Stewardship Message from Fr. Mike
We as modern people are very practical and worldly when it comes to what we have. We have a system. We have a plan. We use our resources for the “important things” - paying of bills, providing for food and shelter for our family, putting our children through school, making sure the family has a few luxuries, vacations, adequate leisure time activities. When all that is done, we look at what is left over and then we give a portion back to God.
God would have us shift our priorities, when it comes to our resources and our very lives. We are called to put Him first, to give Him His share of all that we are and all that we have, to give sacrificially. This is not my crazy idea, but it has been a principle of our faith since the beginning.
Israel was an agrarian society. You survived on what you raised. Israel showed its faith in God, not merely by divvying up assets at the end of the harvest but by giving abundantly out of the first fruits, which were gathered in each year. This was a powerful act of faith on their part because first fruits were not always an indication of what the harvest would look like. Drought, hail, flood, blight, and a host of other things could wipe out all the expected fruits, with a lean period to follow but Israel was expected to trust in the Lord and give until it hurt as a sign of their great trust in the one true, living God.
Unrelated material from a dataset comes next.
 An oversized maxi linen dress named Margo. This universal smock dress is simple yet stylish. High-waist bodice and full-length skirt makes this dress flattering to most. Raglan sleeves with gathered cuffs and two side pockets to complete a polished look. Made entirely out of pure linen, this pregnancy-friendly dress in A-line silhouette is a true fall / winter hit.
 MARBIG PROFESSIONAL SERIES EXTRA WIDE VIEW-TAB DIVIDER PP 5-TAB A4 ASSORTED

How much do you and I trust God? Does He get the leftovers in our lives or does He share in the first fruits? Are we willing to give sacrificially believing there will be enough for us in the end and more than enough?
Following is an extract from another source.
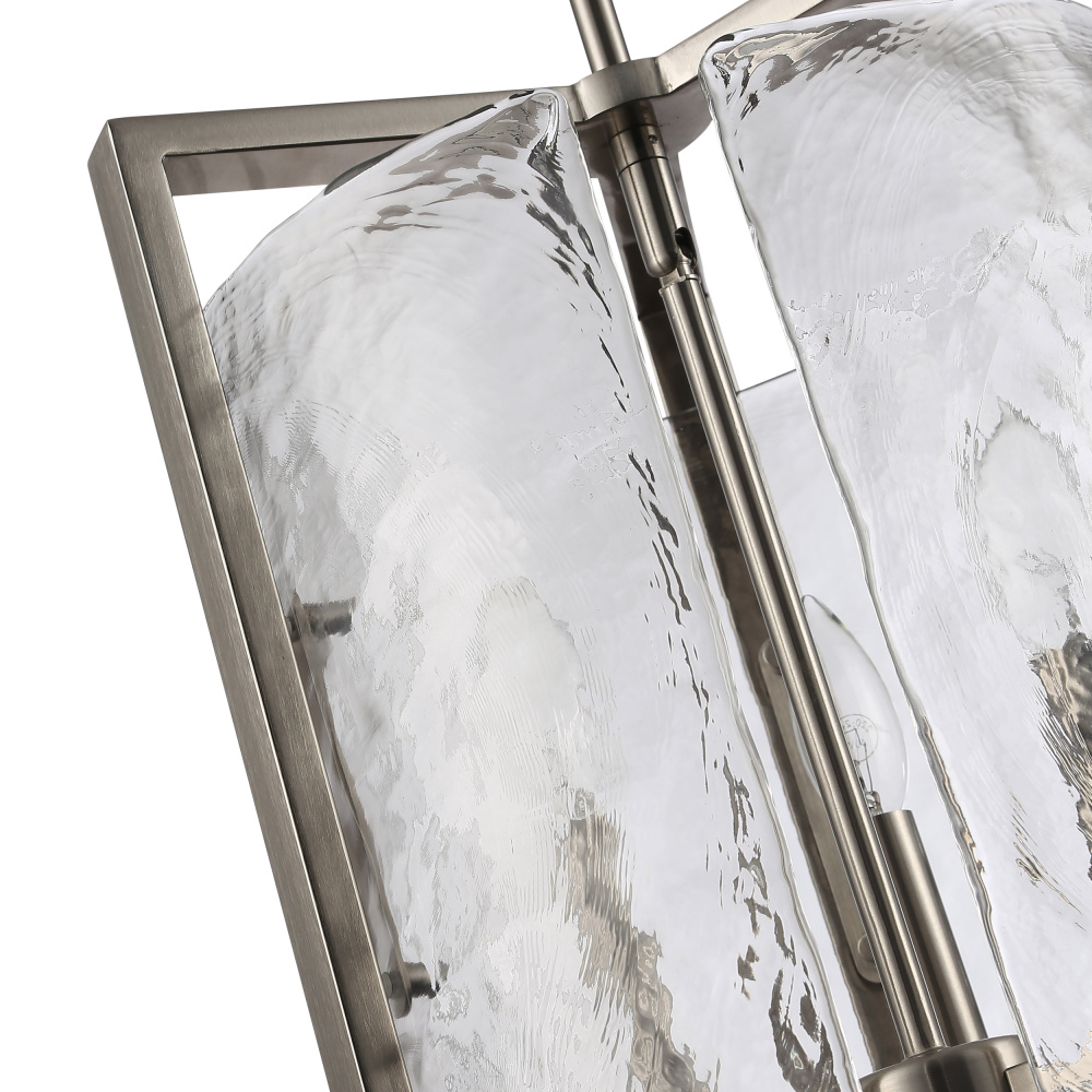 Bring nature-inspired elegance into your home with the Golden Lighting Aenon 3-light Pendant in Pewter. Featuring a glass shade, it creates a serene atmosphere. This glass shade showcases hammered water glass design, creating beautifully distorted light effects that brighten your space. The pewter finish offers a soft, classic alternative to silver tones, adding an understated charm that beautifully diffuses light and complements both traditional and contemporary interiors. Perfect for kitchens, dining rooms, and bedrooms, this pendant is dry location rated for indoor use. Its adjustable height feature (Min: 13.625"- Max: 58.25") allows you to customize the hanging length, and it is compatible with sloped ceilings for versatile installation options. Overall dimensions are 13"W x 13.63"H x 13"D, and it requires three E12 candelabra base bulbs (not included), with a maximum wattage of 60 per bulb. The Aenon Pendant not only serves as a stylish statement piece but showcases quality craftsmanship that transforms your living spaces with elegance and artistry.

It is the Stewardship season. The question goes way beyond whether there will be money to keep the lights on in the Church or pay the Rector’s salary. The real question is – Are we willing to invest in the mission of the Church? Are we willing to give sacrificially of our time, our talent, our treasure that the Gospel may be lived here, shared here, and proclaimed boldly in the neighborhoods in which we live and in the world as a whole.